Facing your first professional interview can be intimidating. To help you prepare, we’ve collected important tips from our recruiters so that you stand out from the competition and increase your chances of getting hired. Remember, your goal in the first interview is to get the second interview.
Do Your Research Before the Interview
It’s never a good idea to fly into an interview blindly. Here are a few tips to help guide your research:
- Read through the company’s “about” page to get an understanding of their vision and philosophy. Remember these, because It helps if you can refer back to the company’s values or mission in your interview answers.
- It’s not unusual to get a question like “What do you know about our company?” in the interview. Test yourself by seeing if you can accurately describe what the company does, who their clients are, and what your role would be.
- Use LinkedIn to research the interviewers and the team you’d be working with. Get a sense of their backgrounds to understand what kind of experiences and qualities they value.
- Make sure you really understand the job description, and if you don’t, be prepared to ask questions in the interview.
- Come to the interview prepared with a few questions about the company or job; this demonstrates that you’re taking the position seriously.
Prepare for Commonly-Asked Interview Questions
With the information from your research, think through answers to common interview questions. Here are a few questions you can expect, espeically for more junior roles:
- Why do you want to work for this company?
- What are your strengths?
- What are some things you need to work on?
- Where do you see yourself in five years?
- What kind of team player are you?
- What kind of management style do you like?

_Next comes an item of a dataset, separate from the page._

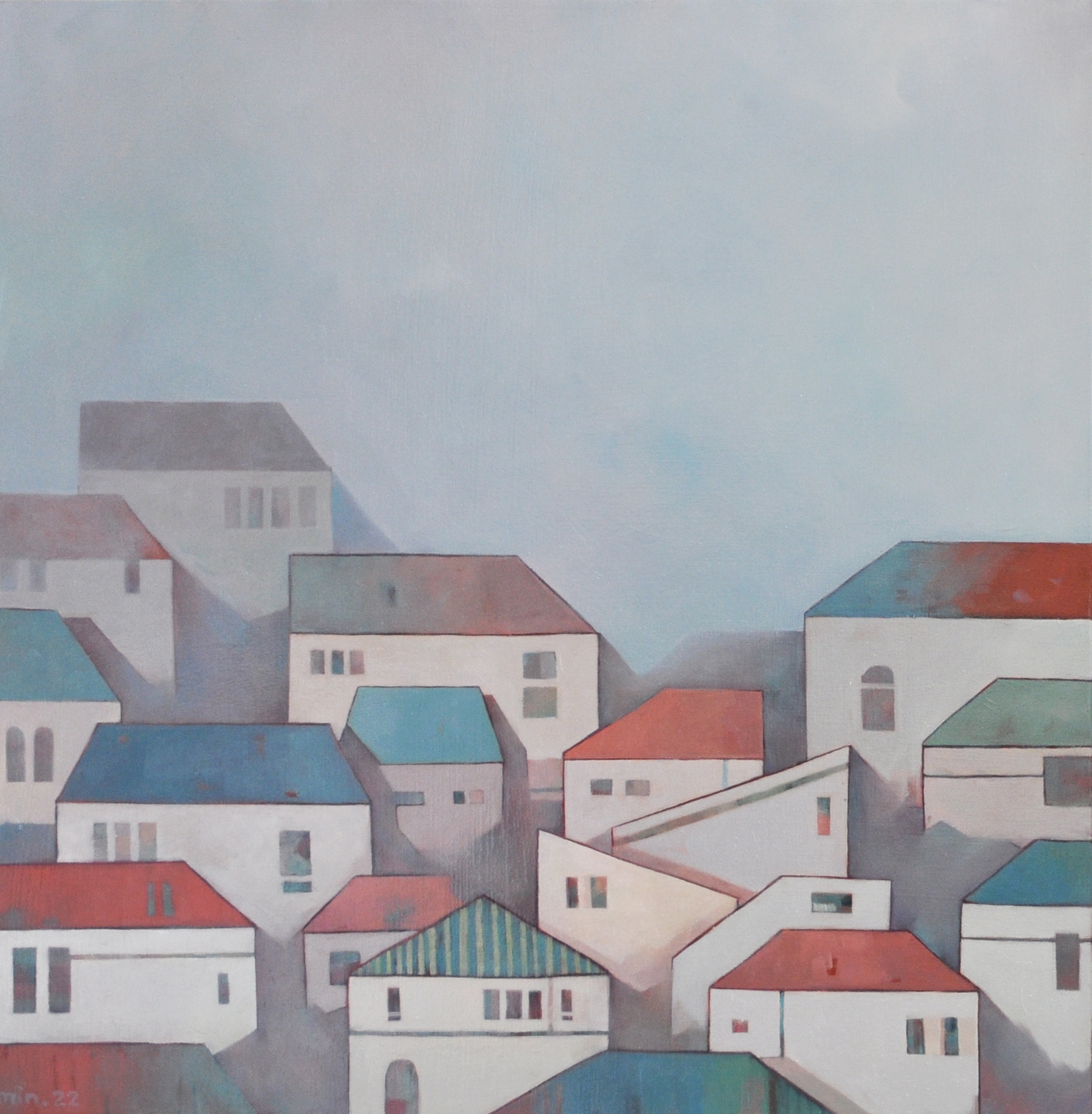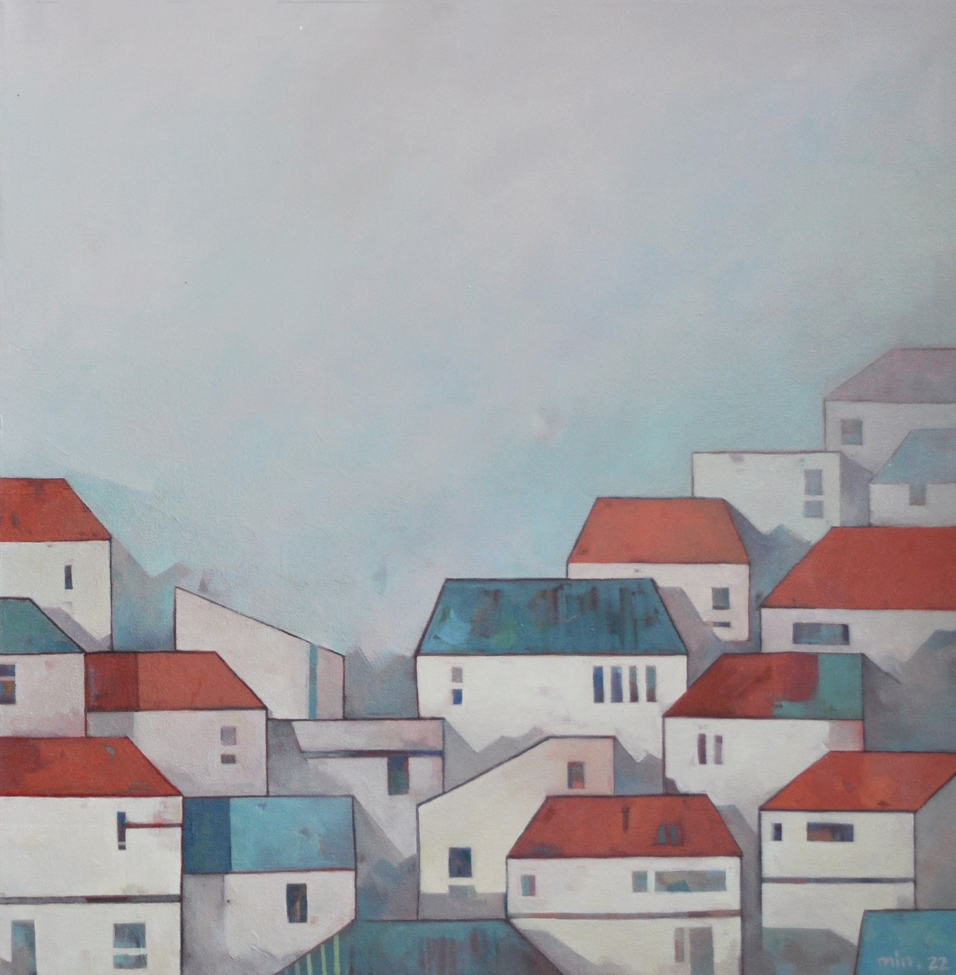 이를 바탕으로 나는 복잡한 구조의 집들의 모양을 가장 기본적인 도형 단위인 수직, 수평, 사선 등으로 읽어내고 이를 통해 이루어진 기본도형을 겹쳐서 하늘을 향해 쌓아 올린다. 급격히 산업화되고 현대화된 세상의 복잡한 건물의 구조를 어린시절 처음으로 인지하게 되는 기본 도형으로 이미지를 단순화 시켜 집을 해체하고 겹치고 쌓아나간다. 나아가 주변의 공간에 대한 인지와 관계를 정립한다. 집을 쌓아 만들어낸 이미지들은 나아가 우리가 주위에서 볼 수 있는 이웃이다.

- What would make you an ideal candidate for this position?
Come prepared with examples to support your interview responses. For instance, what would you say to “Tell me about a time when you worked well with a team”?
It’s also a good idea to leverage your research when answering questions. How can you discuss your skills, strengths, and values in a way that appeals to the company? If you’ve done your research, you’ll have an idea of what kind of language and experiences the company values, so use this knowledge to inform your answers.
Practice Your Interview Skills
It may feel a bit goofy, but spend some time practicing mock interviews with a friend or family member. For starters, you can use the questions above and take turns asking them to your partner. Even if it feels a little awkward, this is great practice for the real thing. A basic rule of human psychology is that we get more comfortable with things the more we experience them, so even doing a role play like this three or four times will help you feel more comfortable when you come into that first interview.
Clean Up Your Resume
There’s lots of great content out there to help you write a clear, professional resume, but here are some extra tips to help make sure you get the most out of yours:
- Save your resume file name as “Firstname-Lastname-Resume.” This tiny step helps recruiters stay organized and demonstrates attention to detail.
- Save your resume as a PDF. This prevents formatting errors from arising when a recruiter opens it up in a program that is incompatible with a word document file format.
- Edit your resume for each job, if needed. If there are elements of your experience that deserve to be highlighted for a specific application, then tweak your resume to make sure those stand out clearly.
- Enlist someone to help you proofread your resume. We have a tendency to gloss over grammatical mistakes we’ve made, so a fresh set of eyes will help you catch whatever you have missed.
Be Honest; Be Yourself
At the end of the day, the tips above do help improve your chances of getting the job, but only if it’s the right job. Make sure you stay true to yourself throughout the whole process; there’s no use trying to force yourself into a job that isn’t right for you or the company. So while it may be tempting to go through that first interview asking yourself, “What do they want to hear?” see if you can balance that out by also asking yourself, “What do I want to say?” Keeping an eye on your values and goals will ensure that when you do land a job, it’s the one you’re really right for in every way.